Though steam can sterilize any food in the steam piping to prevent microbial contamination of subsequent batches, allergens can survive the pressurized steam environment to cause allergic responses in people. The method of cleaning in place allows for control of allergens and other non-living cross-contaminants in the food production process.

[0039] As shown in Fig. 1, the construction of the cooking system 10 of the present disclosure is in an S-shape and steam delivery system from overhead creates a compact, close coupled and sanitary system.

[0040] It has been calculated that there is a need to produce 5-10 pipe diameters after the steam infusion cooker 18 to allow for proper steam condensation into the process fluid.

However, stable condensation is aided by flow mixing inside the pipe. In order to create a system that was compact in design (in order to meet the needs of the food industry), "S" shaped piping is used after each of the cookers 18. This shape allows 10 feet of linear piping to only take up 2 feet of length on the system, but create a very effective mixing zone. As fluid passes through the first curve of the "S" shape, the flow changes direction twice. In the elbow section, the outside wall channel has a faster velocity gradient than the inside wall channel, which creates a turbulent mixing zone. In the straight section of the "S", the flow settles and a temperature reading is taken through a temperature transmitting sensor. Finally, the process fluid enters a second curve section which re-mixes the process fluid immediately before the next section.

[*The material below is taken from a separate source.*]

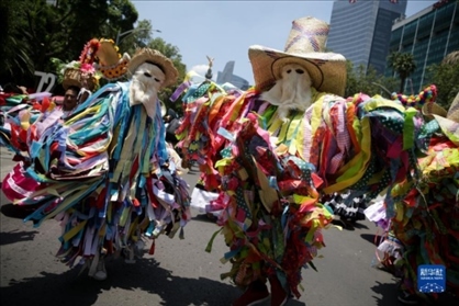 8月9日,在墨西哥首都墨西哥城,演員身著傳統(tǒng)服飾參加世界土著人民國際日慶?;顒?。1994年聯(lián)合國大會通過決議,將每年8月9日定為世界土著人民國際日。

[0041] The dimensions of the "S" section were designed such that it is a repeatable section. Since the length of the system is not defined - there can essentially be any number of cooking sections, holding sections, or control sections in the any given system

[0042] This design was also chosen to create a linear array of control points. All of the cooking sections are in a straight line as shown in Fig. 1, which allows the steam service to produce the least steam pressure drop to each cooking zone. The temperature control transmitters are in a line such that it yields a repeatable section in the supporting conduit line to run the data cables back to the main control cabinet. [0043] Modular design allows for hold tube arrays where the reconnection point is immediately next to the subsequent control point. The "S" sections can open up to form a "U" section at any point (between cookers or after the final cooker) to connection to any intermediate processor (hold tube, hold tank, mixer, homogenizer, etc.) of any length due to the inherent "S" shape, and then reconnect back to the system piping to continue processing in the system of the present disclosure.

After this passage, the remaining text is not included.